Mountain in Alaska, United States

Mount Kiev is a 7775 ft mountain summit located in Alaska, United States.

== Description ==
Mount Kiev is the highest point in the Endicott Mountains which are a subrange of the Brooks Range. It is set 5 mi west of the Dalton Highway on the northeast boundary of Gates of the Arctic National Park and Preserve. Precipitation runoff from the mountain drains east into tributaries of the Atigun River and west into tributaries of the Itikmalac River which in turn flows into the Itkillik River. Topographic relief is significant as the summit rises approximately 4775 ft above the Atigun Valley in 4 mi and 4275 ft above the Itikmalac Valley in 3 mi. Galbraith Lake is 8 mi to the north-northeast, whereas the Continental Divide and Atigun Pass are 15 mi to the south. The nearest community is Prudhoe Bay, 250 mi to the north.

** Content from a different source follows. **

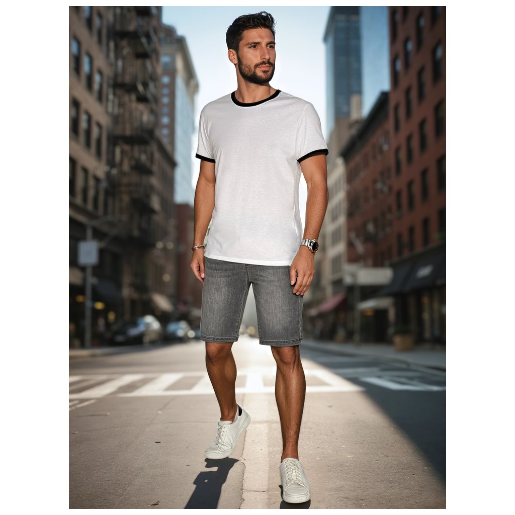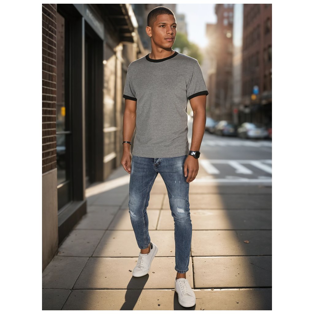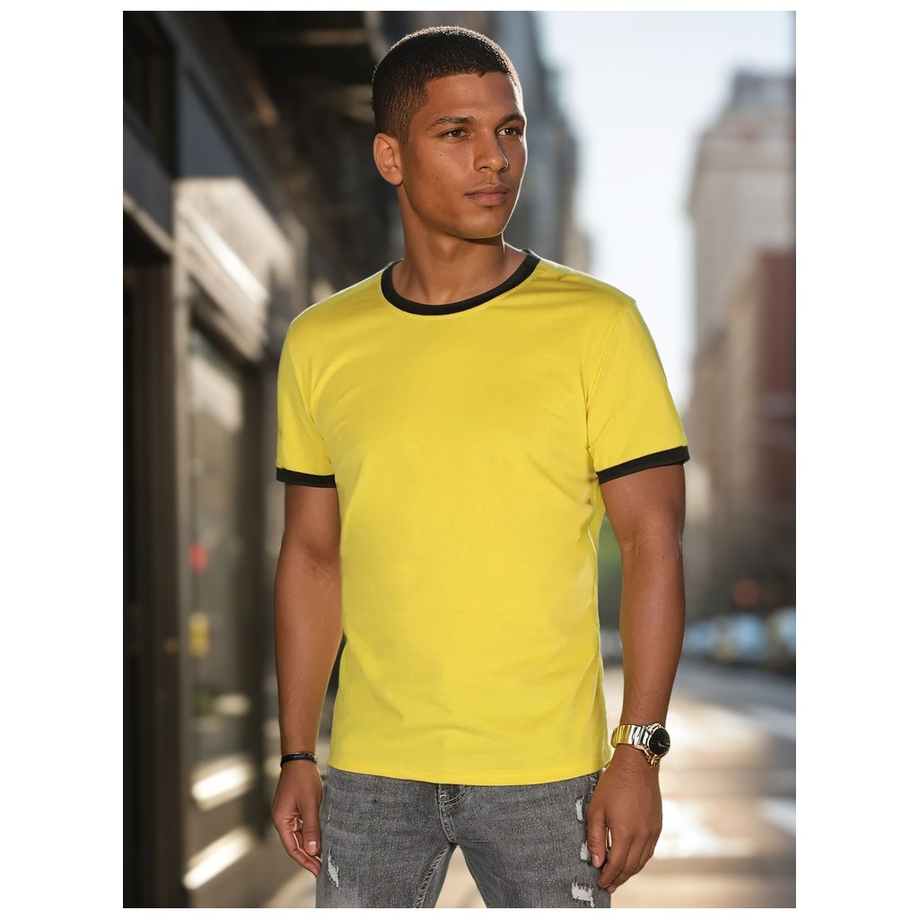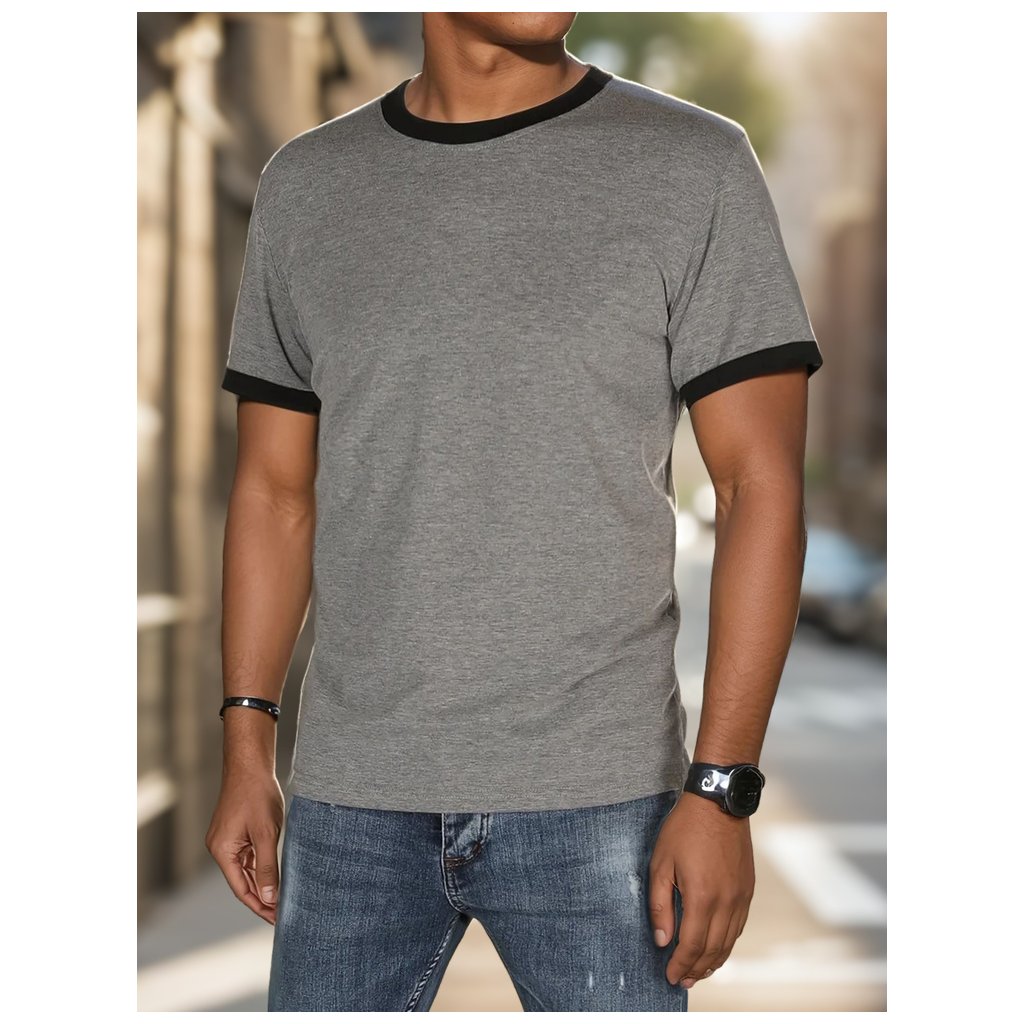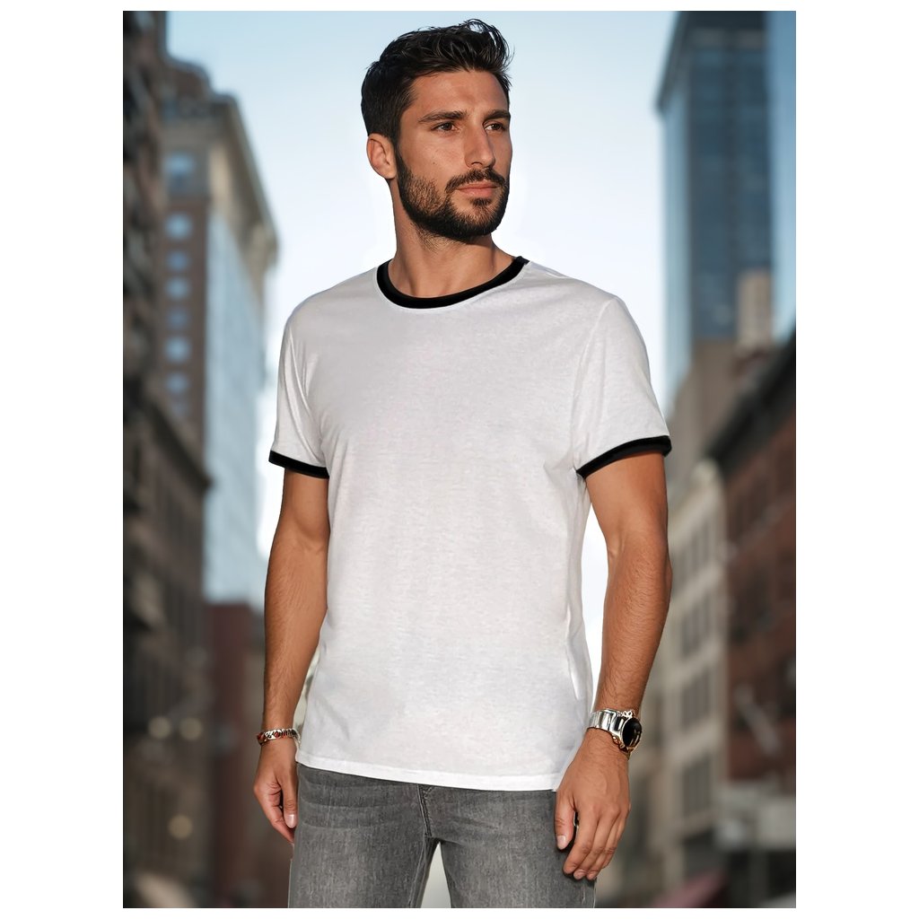 Toto základní pánské tričko s univerzálním střihem je ideální pro ty, kteří oceňují jednoduchost a pohodlí. Výstřih a manžety rukávů jsou zdobeny kontrastními pruhy, které dodávají tričku osobitý charakter. Je vyrobeno z měkké, prodyšné látky, je ideální pro teplejší dny. Hodí se k městskému i ležérnímu jarnímu outfitu.

The mountain's toponym has not been officially adopted by the United States Board on Geographic Names.

== Climate ==
According to the Köppen climate classification system, Mount Kiev is located in a subarctic climate zone with cold, snowy winters, and cool summers. Winter temperatures can drop below −20 °F with wind chill factors below −30 °F. This climate supports a small unnamed glacier on the peak's north slopes.